Per esempio, sono stati misurati il peso medio degli acini, il grado zuccherino e i contenuti di acido malico e tartarico. Inoltre, i ricercatori hanno pesato il raccolto per metro quadro, il peso per metro lineare di tralcio potato (indice del vigore delle piante), nonché l'attività fotosintetica


Anche il terreno è stato oggetto di indagine, misurandone la densità, la capacità di ritenzione idrica, la stabilità strutturale e il volume della macroporosità. Infine, è stato comparato anche il microbioma del suolo nelle due tesi a confronto tramite sequenziamento del Dna delle comunità fungine.

 

Risultati: nessuna differenza significativa

Al termine della prova non sono stati evidenziati chiari e univoci effetti misurabili a favore di una tesi o dell'altra. In sostanza, non v'è differenza fra piante di vite trattate o meno con i preparati 500 e 501. Ogni parametro misurato ha infatti mostrato valori altalenanti nei cinque anni di studio, a volte in leggero favore di una tesi, a volte dell'altra, senza che però ciò abbia permesso di tirare conclusioni a favore dei preparati stessi. 


Nello specifico del microbioma del terreno, tema molto caro agli agricoltori biodinamici, questo “[…] non ha mostrato differenze significative nella diversità fungina o nella composizione della comunità tra le parcelle trattate con preparati biodinamici rispetto all'acqua. Ciò supporta i risultati di Hendgen et al. (2018), che hanno anche segnalato effetti trascurabili a breve termine dei preparati biodinamici sulle comunità microbiche”. 

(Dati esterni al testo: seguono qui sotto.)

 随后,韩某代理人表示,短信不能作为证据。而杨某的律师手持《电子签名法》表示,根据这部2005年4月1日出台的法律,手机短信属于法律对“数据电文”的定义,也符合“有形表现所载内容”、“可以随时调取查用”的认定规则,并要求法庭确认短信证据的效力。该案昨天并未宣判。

In sostanza, gli studiosi hanno potuto appurare come cornoletame e cornosilice non abbiano migliorato né la fisiologia della vite, né le rese, né la qualità delle bacche, né le caratteristiche del suolo rispetto alla gestione biologica. Un risultato, questo, che non ha suscitato alcun scalpore in chi padroneggi agronomia, nutrizione e difesa vegetale, ma che è stato definito “sconvolgente” da una rivista del settore vitivinicolo come il Gambero Rosso. Il mondo è bello perché vario, si dice, anche se talvolta qualche dubbio in proposito nasce spontaneo. 


In realtà, di sconvolgente v'è infatti solo che a distanza di un secolo dalla morte di Rudolf Steiner si creda ancora a fantomatici influssi astrali e riti che molto hanno a che fare con l'esoterismo e poco o nulla con l'agronomia. Materia, quest'ultima, che Steiner padroneggiava né poco né punto, inspirandosi solo alle aziende agricole dei suoi tempi, chiuse in se stesse e miranti soprattutto alla propria sopravvivenza, senza peraltro poter contare sulle tecnologie a oggi disponibili. 

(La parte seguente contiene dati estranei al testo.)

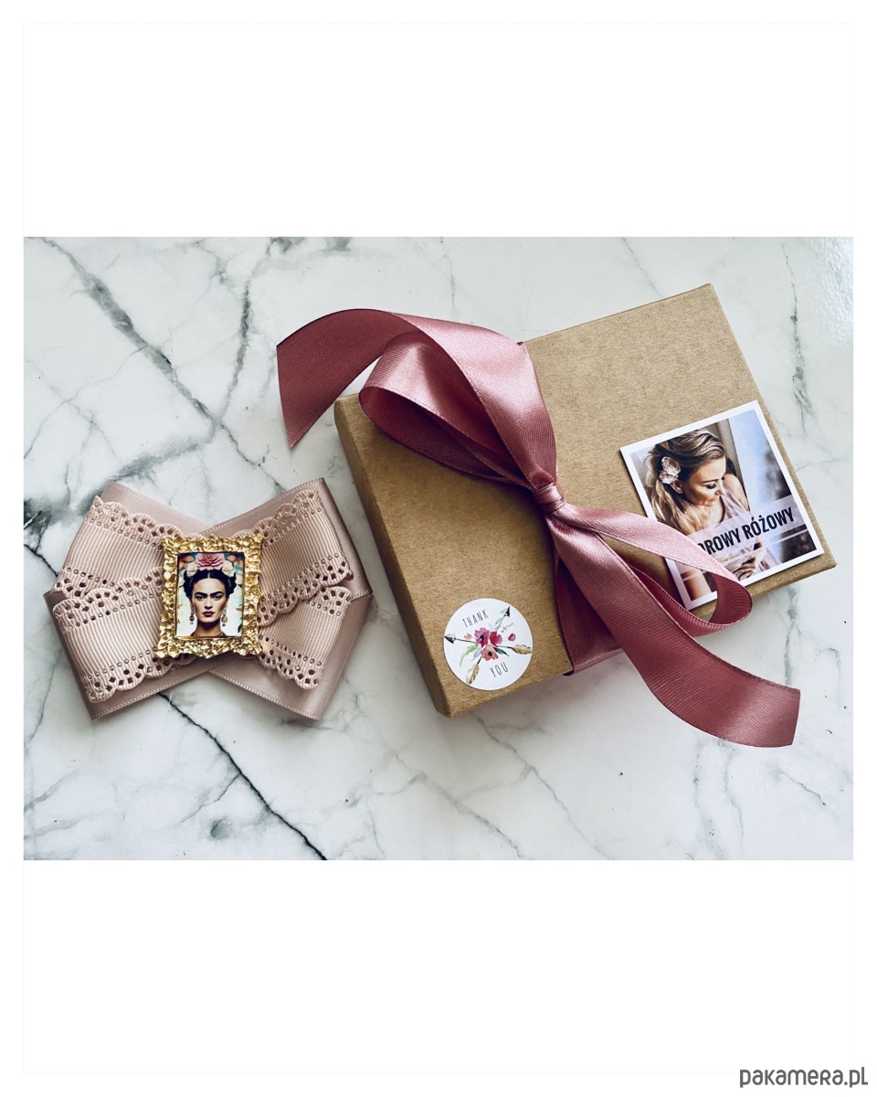 Broszka wykonana z wysokiej jakości taśm i dodatków.

Quelle tecnologie grazie alle quali è oggi possibile produrre da cinque a dieci volte di più rispetto all'epoca di Steiner, consentendo la sopravvivenza (e anche qualcosa di meglio) di miliardi di persone, concentratesi per giunta nelle città dopo aver spopolato le campagne. Al momento, la popolazione mondiale è infatti circa sei volte quella degli inizi del secolo scorso, quando si pativa di pellagra, rachitismo carenze nutrizionali di cui oggi non v'è più memoria. E forse è proprio per questo che un personaggio discutibile come Rudolf Steiner risulta ancora così affascinante agli occhi di molti.